Antiviruses at gunpoint: a big hole in ESET and an attack on Kaspersky

The month of June was rich in news on the compromise of the two leaders of the Russian antivirus software market. The first of these stories was told by Kaspersky Lab itself, not without humor, naming the Duqu Bet report and hinting at the Israeli origin of the attackers. However, two days ago, more serious materials appeared on the same topic: the Intercept publication published another revelation of Snowden, which says that the American and British special services back in 2008 “reported on the work done” on hacking Kaspersky's antivirus products.

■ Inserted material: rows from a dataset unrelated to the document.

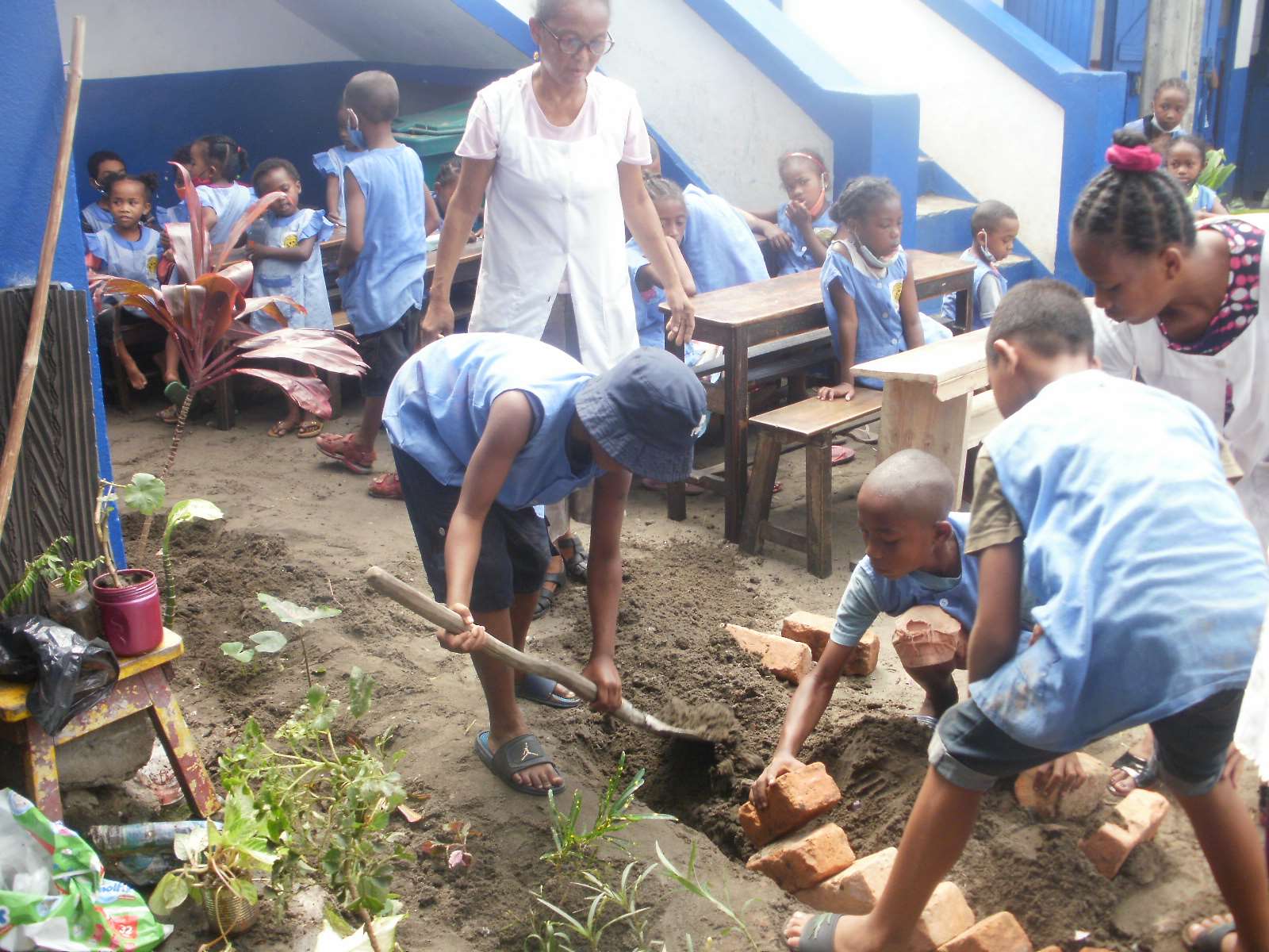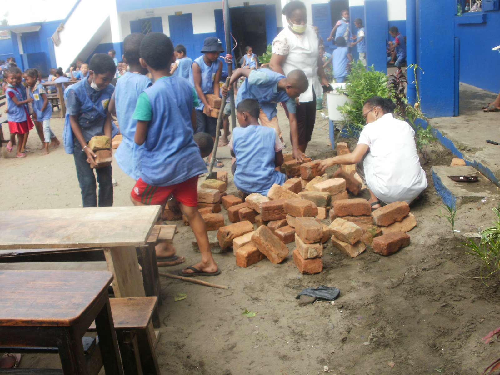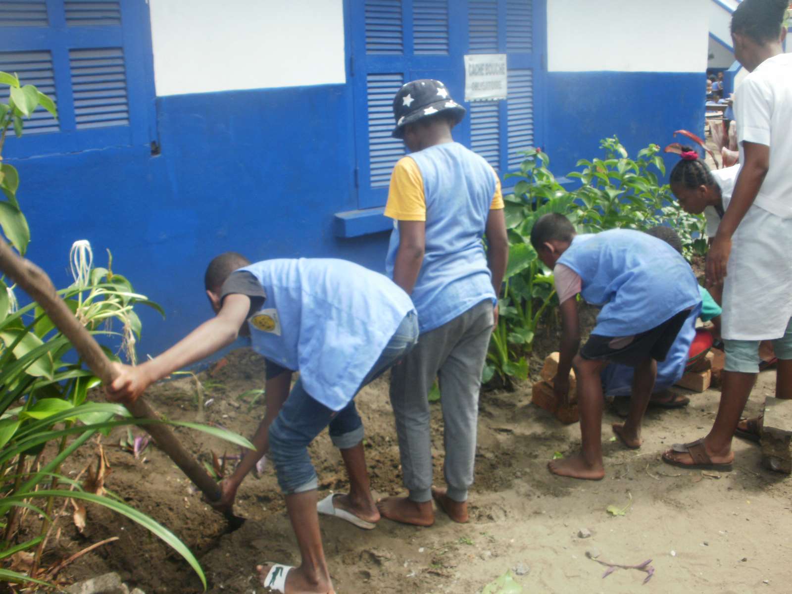 Après ces 3 cyclones tout le monde souffle un peu: à l’Ecole Antoine, on entreprend de nettoyer à fond l’école et on refait les plantations.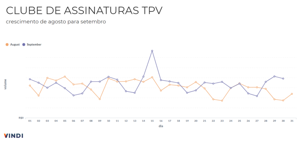 Considerando o TPV total da Vindi, um dado extra para o Vindi Insights é que a quantidade de transações na plataforma subiu 2,1% em setembro.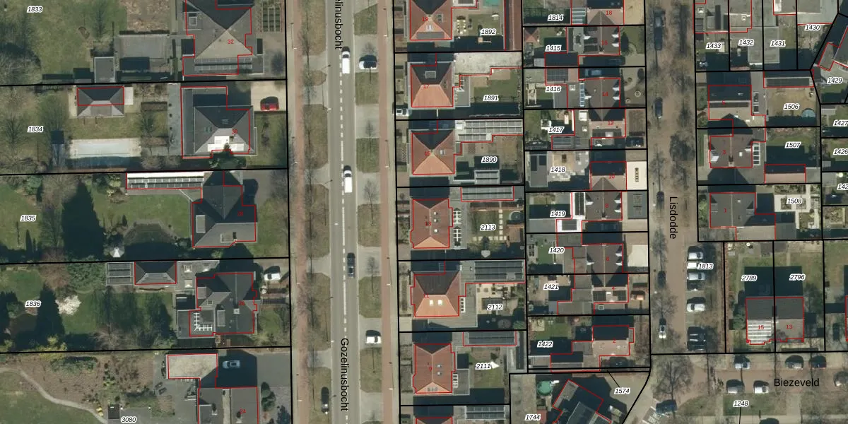 Gebruik de zoekbalk of klik op een perceel voor informatie over de adressen binnen dit perceel.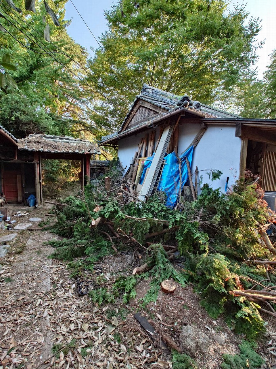 まずは建屋周辺の壁からはみ出した枝の伐採です。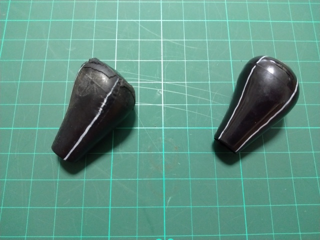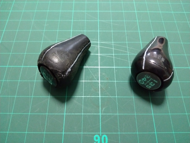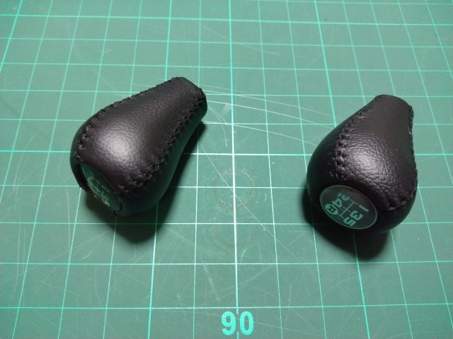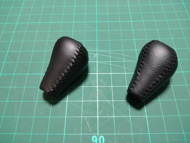 ・スカイラインシフトノブ<3分割巻巻替、ステッチ新設:中央AL黒&左右DP黒&現状ステッチ無し⇒千鳥(黒糸)仕様です。>~過去に巻き替えさせて頂いたハンドル(施工例24/3月22日更新分)に革色他仕様を合わせました!( ^^) _U~~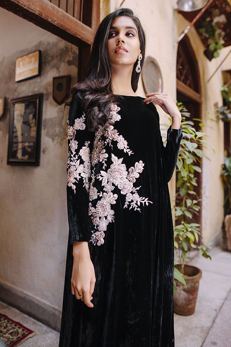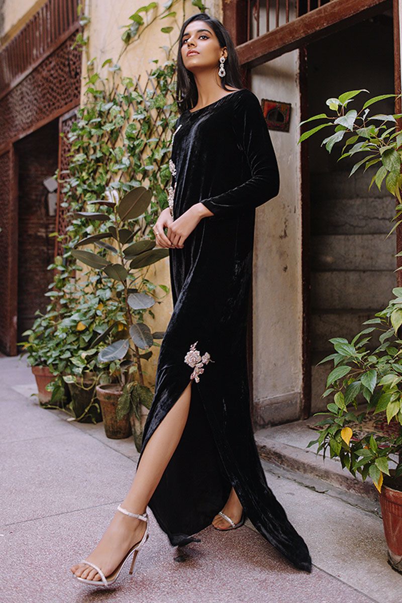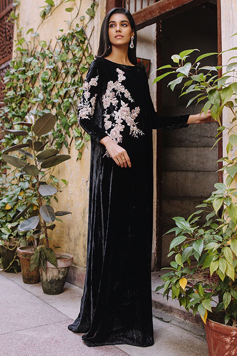 Black always being a classic once again stands out in the crowd same as this black velvet kaftan is stare worthy. The ivory resham and bead work is placed carefully forming a soothing eye movement on side front and sleeves.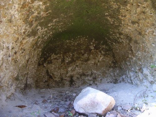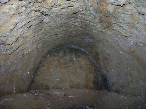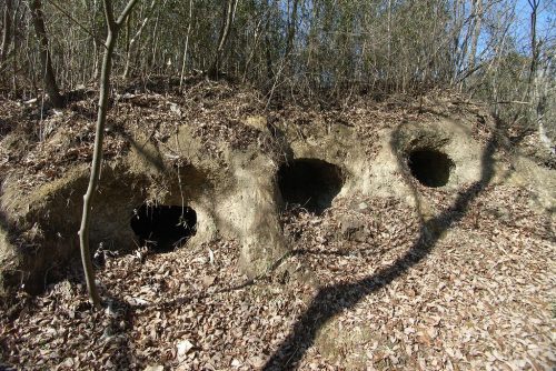 遠景。凝灰岩の崖面を掘削して築かれた横穴墓群。町指定史跡となっており、1~5号墓は見学できる。この南側の崖沿いに多くの横穴墓があるはずだが、そちらは見学できそうもない。7世紀末ころの築造と推定されている。

According to these documents, the British GCHQ studied the products of LC in order to prevent antiviruses from detecting the attacks of special services. And the American NSA was looking for vulnerabilities in the antivirus in order to keep track of users due to the high access privileges that security software receives on their users' computers.
')
In particular, NSA hackers discovered that they can intercept user data that is transmitted from antivirus client to LC servers in the User-Agent line in the HTTP request header. Intersept claims that a month ago it tested this feature on Kaspersky Small Business Security 4, and “although some of the traffic was encrypted, detailed information about the host configuration and the installed software was transmitted to Kaspersky servers without protection.” As proof, a screenshot is shown (the image is clickable):



This data Intersept magazine published the day before yesterday, June 22. And just the next day, June 23, a team of researchers from Google (Project Zero) published a report on a more serious vulnerability in ESET NOD32 antivirus . Due to this vulnerability, an attacker can trick the emulator, which is used to check executable codes. The attack allows you to read, modify and delete any files on computers where ESET is installed, as well as install any other programs remotely, access any peripheral devices (cameras, microphones), record all system activity, etc.

The threat affects all versions of ESET and all platforms running ESET (Windows, Mac, OS X). At the same time, as the researchers emphasize, the exploitation of this vulnerability does not require user participation, but uses high system privileges that are given to the ESET scanner - that is, it is an ideal candidate for creating a self-propelled worm (for example, a mail worm). The report includes an example of a working root exploit, as well as a video that demonstrates an attack on ESET through a browser:



You can close the vulnerability with an ESET patch released on June 22 - and before that you can avoid an attack if you disable all scans in ESET (scheduled, real-time and manual). And although this publication by researchers from Google occurred after the release of the patch, it still seems that the publication of this hole somehow “deliberately podgadali” to the general campaign against antivirus programs from Eastern Europe.